Rechts stehen, links denken

„Die Geschichte des österreichischen Volkes“: Ein Dreivierteljahrhundert nach der Niederschrift legt der Wiener Historiker Paul R. Tarmann die Aufzeichnungen des ehemaligen dritten Vizebürgermeisters von Wien, Ernst Karl Winter, in einer kommentierten Ausgabe vor.

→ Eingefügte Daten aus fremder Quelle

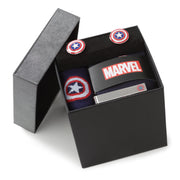 The ultimate gift set for the ultimate Captain America fan. We've assembled our greatest heroes for this set, including socks, cufflinks, tie bar, and 100% silk tie, all featuring the classic Captain America shield you know and love. This set might not be made of vibranium, but it's still pretty cool. Officially licensed by Marvel.

Das Jahr 2018, das vom „Jubiläumsjahr“ immer stärker zum „Gedenkjahr“ mutierte, wich allen grundlegenden Konflikten der Republik aus. Mit Ausnahme der kritisch differenzierenden Dokumentationen Hugo Portischs einigten sich Parteienvertreter und Jubiläumsbeauftragte auf eine sehr verkürzte Darstellung dieser hundert Jahre, die in etwa so lautete: Die Erste Republik – Armut, Polarisierung, Gewalt auf beiden Seiten – endet in der Katastrophe 1938. Die Zweite Republik beginnt 1945 mit der Stunde null und endet als Erfolgsstory, in der die alten Gegner – miteinander versöhnt – gemeinsam Wohlstand produzieren. Neuere Entwicklungen inklusive neuer Polarisierungen wurden nicht unter die Lupe genommen. Auf der Strecke bleiben bei diesem Narrativ jene Faktoren und Akteure, die die Grundlagen für die neue Republik nach 1945 geschaffen und der Aussöhnung der beiden damaligen „Lager“ den Weg bereitet haben.

Einer der zentralen Wegbereiter dieser „Aussöhnung“ ist der Jurist und Soziologe Ernst Karl Winter, bekannt vor allem für seine „Aktion Winter“, durch die er in der Ära Dollfuß zum Dialog und zur Versöhnung zwischen Christlich-Sozialen beziehungsweise der Vaterländischer Front und den Sozialdemokraten aufrief. Sein Kampf galt dem aufkommenden Nationalsozialismus, aber auch der Appeasement-Politik der Konservativen gegenüber Mussolini und Hitler. Mit seiner Parole „Rechts stehen, links denken“ blieb er unter den Christlich-Sozialen ein einsamer Rufer. Dollfuß versuchte ihn 1934 durch die Ernennung zum dritten Vizebürgermeister in Wien ruhigzustellen, Schuschnigg hielt 1936 solche Alibi-Politik für überflüssig und entfernte ihn aus dem Amt.